● **EXERCISE**:
Return the listing exactly, please; no pictures.

● **INPUT DATA**:
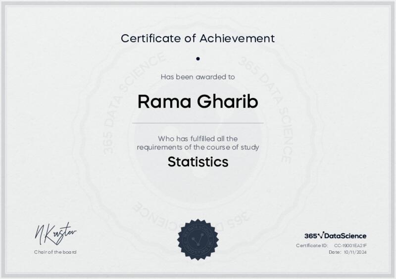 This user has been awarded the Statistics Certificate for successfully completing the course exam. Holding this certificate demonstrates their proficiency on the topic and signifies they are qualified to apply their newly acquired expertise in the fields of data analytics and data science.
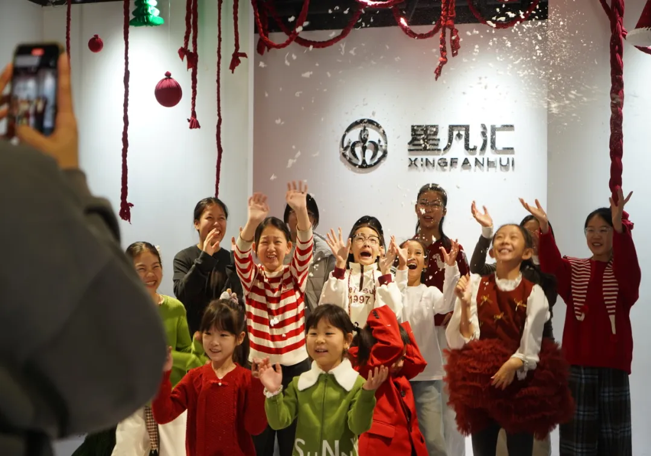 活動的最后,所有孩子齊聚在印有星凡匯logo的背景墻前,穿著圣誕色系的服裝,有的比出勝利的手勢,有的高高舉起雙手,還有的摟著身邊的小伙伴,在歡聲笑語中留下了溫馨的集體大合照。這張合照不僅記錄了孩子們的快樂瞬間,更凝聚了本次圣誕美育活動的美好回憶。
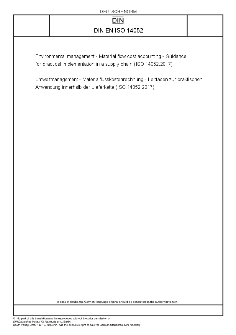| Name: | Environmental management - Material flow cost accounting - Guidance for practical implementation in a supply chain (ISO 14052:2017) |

● **RESULT**:
 This user has been awarded the Statistics Certificate for successfully completing the course exam. Holding this certificate demonstrates their proficiency on the topic and signifies they are qualified to apply their newly acquired expertise in the fields of data analytics and data science.
 活動的最后,所有孩子齊聚在印有星凡匯logo的背景墻前,穿著圣誕色系的服裝,有的比出勝利的手勢,有的高高舉起雙手,還有的摟著身邊的小伙伴,在歡聲笑語中留下了溫馨的集體大合照。這張合照不僅記錄了孩子們的快樂瞬間,更凝聚了本次圣誕美育活動的美好回憶。
| Name: | Environmental management - Material flow cost accounting - Guidance for practical implementation in a supply chain (ISO 14052:2017) |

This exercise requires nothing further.